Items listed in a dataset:
____

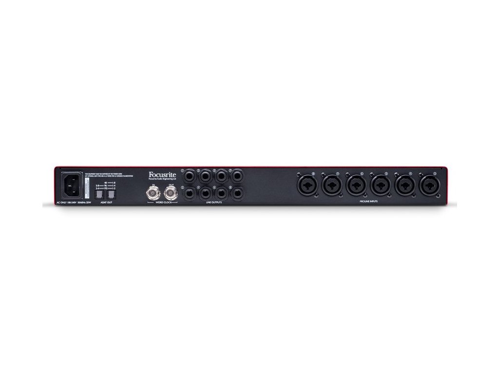 Scarlett OctoPre dysponuje ośmioma analogowymi wejściami z kombinowanymi złączami XLR/TRS. Każdy kanał wejściowy jest wyposażony w regulator głośności i przełącznik tłumienia (-8 dB). Użytkownik ma możliwość wyboru czułości wejściowej (LINE/INST) dla kanałów 1 i 2. Sygnał można kierować do ośmiu wyjść cyfrowych (optyczny interfejs ADAT) lub ośmiu analogowych (TRS). Siłę sygnału wskazują kolorowe diody LED na przejrzystym panelu. Komunikację z innymi urządzeniami studyjnymi zapewnia terminal synchronizacyjny BNC dla WordClock. Częścią dołączonego wyposażenia jest pakiet oprogramowania zawierający wtyczki Red Plug-in Suite (Focusrite), Time and Tone Bundle (Softube), Plug-in Collective (Focusrite).
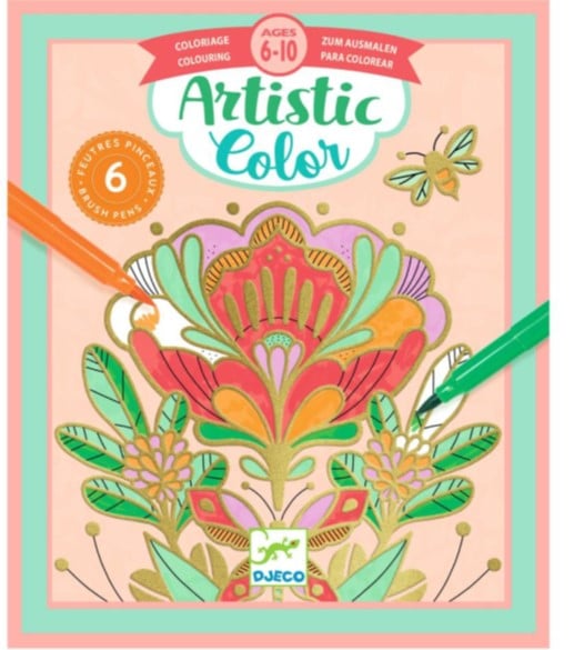 Βάλτε χρώμα στα λουλούδια και δείτε τα να μεταμορφώνονται και να ανθίζουν μέσα από την σειρά Artistic Color της Djeco. Στην συσκευασία θα βρείτε τέσσερις χοντρές κάρτες προ εκτυπωμένων σχεδίων με περίτεχνα μοτίβα λουλουδιών και έξι μαρκαδόρους με μαλακή μύτη πινέλου σε διαφορετικά χρώματα για να τις χρωματίσετε. Τα προ εκτυπωμένα σημεία στις κάρτες έχουν φτιαχτεί με μια χρυσή πάστα με μεταλλικό εφέ που εκτός από το εντυπωσιακό αποτέλεσμα που προσφέρει, κάνει το περίγραμμα ανάγλυφο ώστε να βοηθάει το χεράκι να ακολουθεί τις γραμμές και να μην ξεφεύγει ο μαρκαδόρος από το περιθώριο.
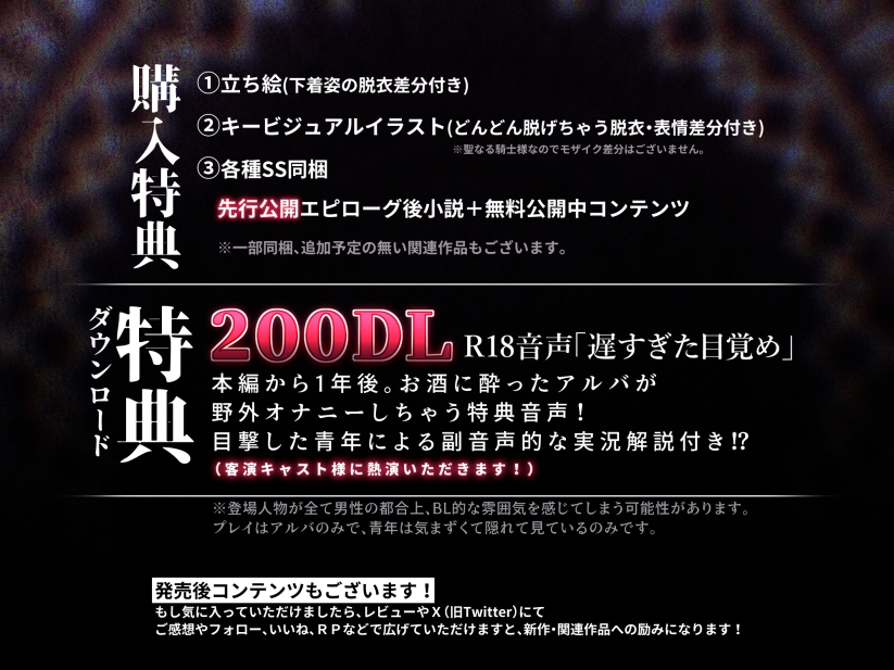 本編から1年後。お酒に酔ったアルバが野外オナニーをしてしまう特典音声です。
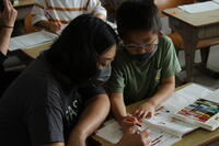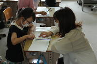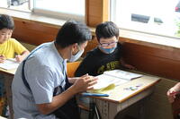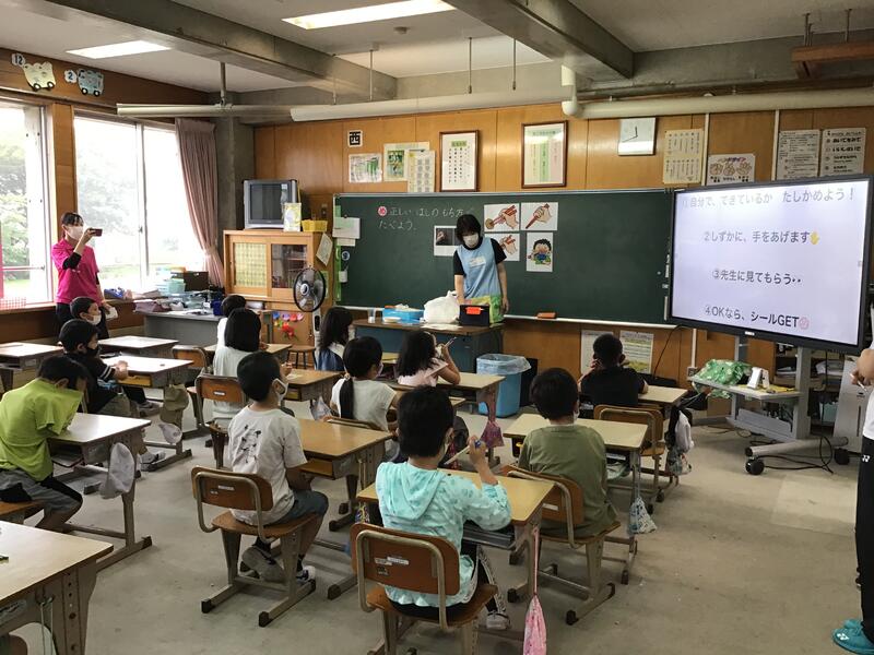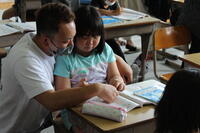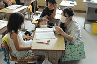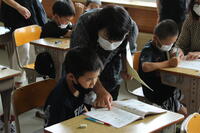 低学年は保護者と一緒に算数の問題を考えましたとても嬉しそうですね
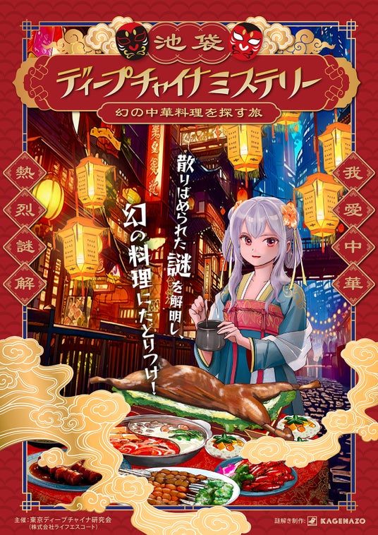 地域活性謎解きクリエイティブ集団『KAGENAZO』(運営:FUN SPIRITS株式会社 本社:東京都港区)は、街中周遊謎解きゲーム『池袋ディープチャイナミステリー ~幻の中華料理を探す旅~』を2024年8月12日(月)から池袋駅西口エリアで開催します。
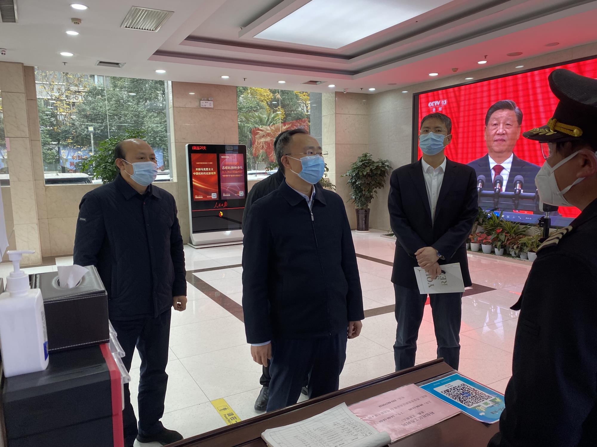 检查组首先来到大厦一楼,详细了解门禁管控措施落实情况。黄忠良指出,要完整准确全面贯彻落实习近平总书记关于疫情防控工作重要讲话重要指示精神和党中央决策部署,认真贯彻执行省委省政府工作要求,坚持第九版防控方案、落实二十条优化措施。要进一步夯实“四方”责任,不断优化防控措施,坚决履行防控主体责任,认真落实各项常态化疫情防控举措,进入大厦必须扫码、测温,核对健康码、行程码和核酸检测阴性结果,仔细进行出入登记,确保大楼安全、人员安全。

____

■ Exercise:
If the records contain pictures, skip them, and transcribe exactly every line from the one with "Βάλτε χρώμα στα" through the last line.

■ The completed task:
 Βάλτε χρώμα στα λουλούδια και δείτε τα να μεταμορφώνονται και να ανθίζουν μέσα από την σειρά Artistic Color της Djeco. Στην συσκευασία θα βρείτε τέσσερις χοντρές κάρτες προ εκτυπωμένων σχεδίων με περίτεχνα μοτίβα λουλουδιών και έξι μαρκαδόρους με μαλακή μύτη πινέλου σε διαφορετικά χρώματα για να τις χρωματίσετε. Τα προ εκτυπωμένα σημεία στις κάρτες έχουν φτιαχτεί με μια χρυσή πάστα με μεταλλικό εφέ που εκτός από το εντυπωσιακό αποτέλεσμα που προσφέρει, κάνει το περίγραμμα ανάγλυφο ώστε να βοηθάει το χεράκι να ακολουθεί τις γραμμές και να μην ξεφεύγει ο μαρκαδόρος από το περιθώριο.
 本編から1年後。お酒に酔ったアルバが野外オナニーをしてしまう特典音声です。
 低学年は保護者と一緒に算数の問題を考えましたとても嬉しそうですね
 地域活性謎解きクリエイティブ集団『KAGENAZO』(運営:FUN SPIRITS株式会社 本社:東京都港区)は、街中周遊謎解きゲーム『池袋ディープチャイナミステリー ~幻の中華料理を探す旅~』を2024年8月12日(月)から池袋駅西口エリアで開催します。
 检查组首先来到大厦一楼,详细了解门禁管控措施落实情况。黄忠良指出,要完整准确全面贯彻落实习近平总书记关于疫情防控工作重要讲话重要指示精神和党中央决策部署,认真贯彻执行省委省政府工作要求,坚持第九版防控方案、落实二十条优化措施。要进一步夯实“四方”责任,不断优化防控措施,坚决履行防控主体责任,认真落实各项常态化疫情防控举措,进入大厦必须扫码、测温,核对健康码、行程码和核酸检测阴性结果,仔细进行出入登记,确保大楼安全、人员安全。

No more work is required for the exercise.